[BRIEF] The answer must be an exact copy of the entries that follow, with all images removed.

----- MATERIAL SHOWN

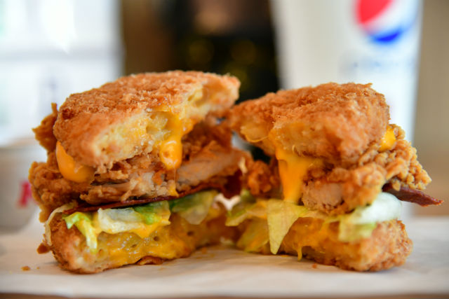 And layered between these patties is KFC’s signature Zinger fillet, and then stacked with crispy turkey bacon, lettuce and finally, drizzled with KFC Cheese Sauce.
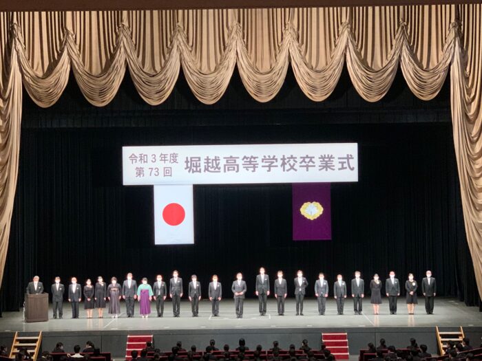 コロナ禍の中に挙行された卒業式。勝又校長が常々言葉にする「コロナに負けるな、一歩でも前へ」を実践する、絆の大切さを再認識する素晴らしい卒業式となりました。
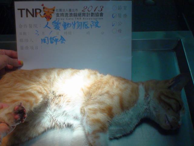 主題: 被捕獸夾傷右後腳掌之橘子貓 申請者姓名: 許桂菱 花色: 申請日期: 2013-04-10 00:04:20 申請者部落格: 申請者臉書網址: 所在縣市/合作醫院: 彰化縣/人愛動物醫院 治療費用: 5200元 需求人數: 12人 已結案 (2013-06-27 14:27:43) 報名人員: lavinia x4(已付款)、OLivia x2(已付款)、胖大德(已付款)、lora(已付款)、周小蕾 x2(已付款)、An Hsu(已付款)、Ashlee Liu(已付款)、 候補人員: 動物病情說明: 傷貓是送至鹿港人愛動物醫院,請做修改,謝謝
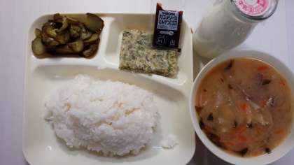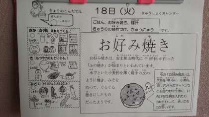 本日の献立は、お好み焼き、豚汁、きゅうりの甘酢づけです。
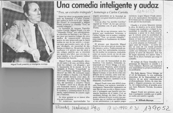 Una comedia inteligente y audaz [artículo] Wilfredo Mayorga.
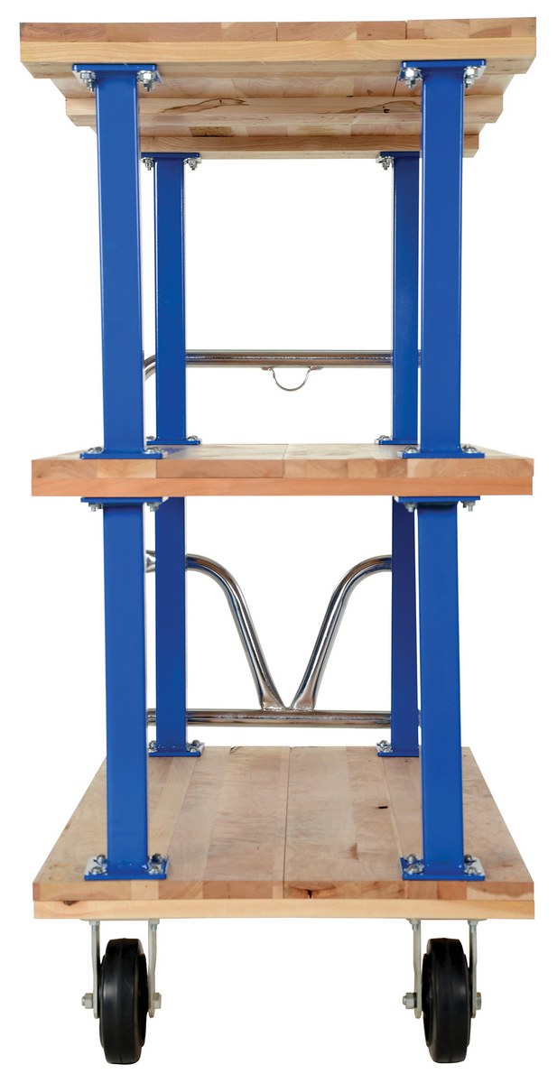 Minimize lifting and bending with this triple decker Hardwood platform cart/portable work bench. Ideal for shipping areas, offices, and plant use, this economical cart is perfect for many of your applications. Countersunk holes allow for a smooth deck surface.
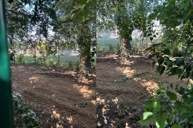 However, on Saturday 22 July workmen appeared at the site and removed a substantial amount of the vegetation and the ha-ha was filled in with sand. Residents querying the ongoing work were told that the school had ‘bought the land’ and had permission to do the work. Councillor Aftab Siddiqui attended the site and work was brought to a halt at 3.40pm as legally it should not have been taking place after 1pm on a Saturday.
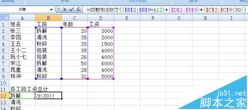4、这时,我再考虑年龄因素,统计拆解工段年龄<30岁的人员的工资总和那么在公式中,就添加($C$2:$C$9<30),用乘号*与前面的相连。整个公式为=SUMPRODUCT(($B$2:$B$9=A12)*($D$2:$D$9)*($C$2:$C$9<30))
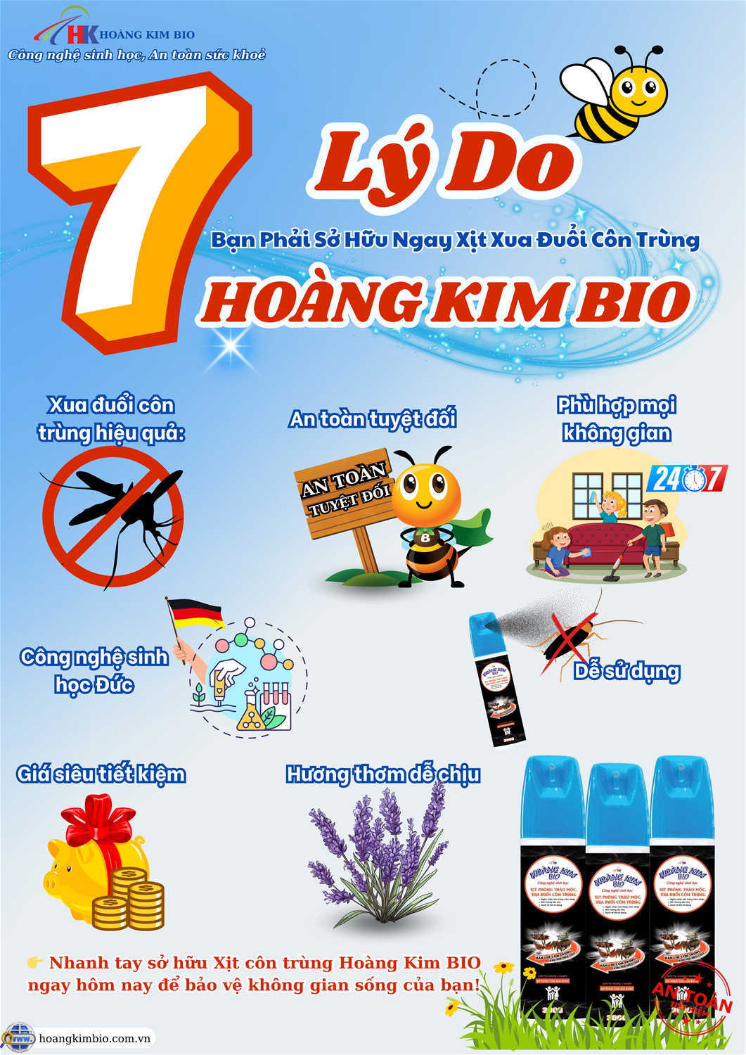 Xịt xua đuổi côn trùng Hoàng Kim Bio là sản phẩm nổi bật của công ty, bảo vệ an toàn và hiệu quả cho cả gia đình khỏi sự xâm nhập của côn trùng.
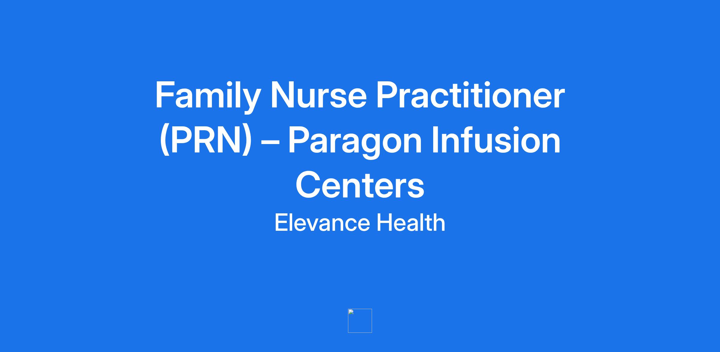 **Family Nurse Practitioner (PRN) – Paragon Infusion Centers**
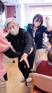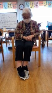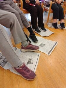 その後も、足で新聞を丸めるレクリエーションをしたりと

----------

[TASK RESULT]
 And layered between these patties is KFC’s signature Zinger fillet, and then stacked with crispy turkey bacon, lettuce and finally, drizzled with KFC Cheese Sauce.
 コロナ禍の中に挙行された卒業式。勝又校長が常々言葉にする「コロナに負けるな、一歩でも前へ」を実践する、絆の大切さを再認識する素晴らしい卒業式となりました。
 主題: 被捕獸夾傷右後腳掌之橘子貓 申請者姓名: 許桂菱 花色: 申請日期: 2013-04-10 00:04:20 申請者部落格: 申請者臉書網址: 所在縣市/合作醫院: 彰化縣/人愛動物醫院 治療費用: 5200元 需求人數: 12人 已結案 (2013-06-27 14:27:43) 報名人員: lavinia x4(已付款)、OLivia x2(已付款)、胖大德(已付款)、lora(已付款)、周小蕾 x2(已付款)、An Hsu(已付款)、Ashlee Liu(已付款)、 候補人員: 動物病情說明: 傷貓是送至鹿港人愛動物醫院,請做修改,謝謝
 本日の献立は、お好み焼き、豚汁、きゅうりの甘酢づけです。
 Una comedia inteligente y audaz [artículo] Wilfredo Mayorga.
 Minimize lifting and bending with this triple decker Hardwood platform cart/portable work bench. Ideal for shipping areas, offices, and plant use, this economical cart is perfect for many of your applications. Countersunk holes allow for a smooth deck surface.
 However, on Saturday 22 July workmen appeared at the site and removed a substantial amount of the vegetation and the ha-ha was filled in with sand. Residents querying the ongoing work were told that the school had ‘bought the land’ and had permission to do the work. Councillor Aftab Siddiqui attended the site and work was brought to a halt at 3.40pm as legally it should not have been taking place after 1pm on a Saturday.
4、这时,我再考虑年龄因素,统计拆解工段年龄<30岁的人员的工资总和那么在公式中,就添加($C$2:$C$9<30),用乘号*与前面的相连。整个公式为=SUMPRODUCT(($B$2:$B$9=A12)*($D$2:$D$9)*($C$2:$C$9<30))
 Xịt xua đuổi côn trùng Hoàng Kim Bio là sản phẩm nổi bật của công ty, bảo vệ an toàn và hiệu quả cho cả gia đình khỏi sự xâm nhập của côn trùng.
 **Family Nurse Practitioner (PRN) – Paragon Infusion Centers**
 その後も、足で新聞を丸めるレクリエーションをしたりと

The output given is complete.